Na manhã desta quinta-feira (30) o presidente Jair Bolsonaro (sem partido) participou de dois anúncios oficiais em Belo Horizonte. O primeiro relativo à privatização do metrô da capital e outro da criação do primeiro Centro Nacional de Vacinas, que será instalado em Belo Horizonte.
O governador Romeu Zema (Novo)foi o anfitrião na cidade administrativa. Também estavam presentes o ministro da Infraestrutura, Tarcísio Gomes, e o da tecnologia, Marcos Pontes.
A construção do Centro Nacional de Vacinas é uma parceria entre o Ministério da Ciência, Tecnologia e Inovações e a Universidade Federal de Minas Gerais (UFMG). O projeto vai promover a independência de tecnologia na produção de lotes-pilotos de vacinas e testes de diagnóstico para doenças humanas e veterinárias.

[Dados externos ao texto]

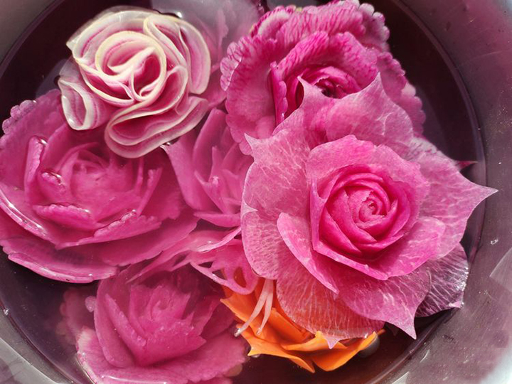 馮昕部長向各位領(lǐng)導(dǎo)細(xì)致的講解渭南西北新世紀(jì)學(xué)校烹飪專業(yè)學(xué)生的雕刻、拼盤以及西點等作品。IcA陜西華山教育集團
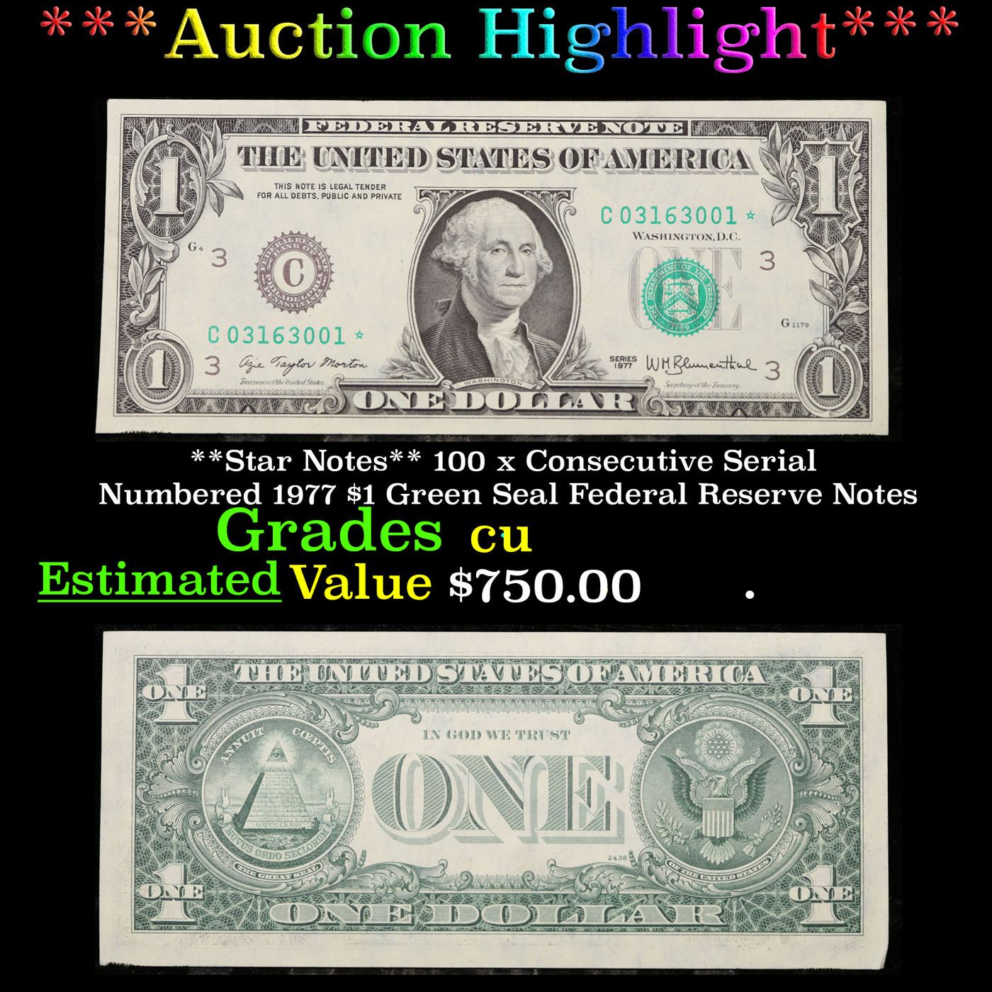 ***Auction Highlight*** **Star Notes** 100 x Consecutive Serial Numbered 1977 $1 Green Seal Federal Reserve Notes Grades CU. A Corey's Pick, Bid to Win Coin

O Centro Nacional de Vacinas será uma associação sem fins lucrativos com ambiente multidisciplinar, diverso e de inovação, comparado ao Centro da Universidade de Oxford, que desenvolveu a vacina AstraZeneca. A construção tem início previsto para janeiro de 2022, no local onde hoje existe o Centro de Tecnologias de Vacinas (CTVacinas), da UFMG, ampliando o antigo espaço que dispõe de mão de obra altamente qualificada.
Com orçamento na ordem de R$ 30 milhões do Governo de Minas Gerais para a construção e importação de equipamentos laboratoriais, sendo R$ 12 milhões disponibilizados pela Fundação de Amparo à Pesquisa de Minas Gerais (Fapemig) e R$ 18 milhões pela Secretaria de Estado de Saúde (SES-MG), o centro é fruto da parceria com investimento de R$ 50 milhões do Ministério da Ciência, Tecnologia e Inovação, por meio do Fundo Nacional de Desenvolvimento Científico e Tecnológico (FNDCT). A união entre os governos estadual e federal totaliza R$ 80 milhões para a consolidação do Centro Nacional de Vacinas.
A intenção é que o projeto, iniciado com investimento público, adquira autonomia e independência ao longo de três anos, para que funcione como uma organização de direito civil se mantendo com aporte financeiro privado.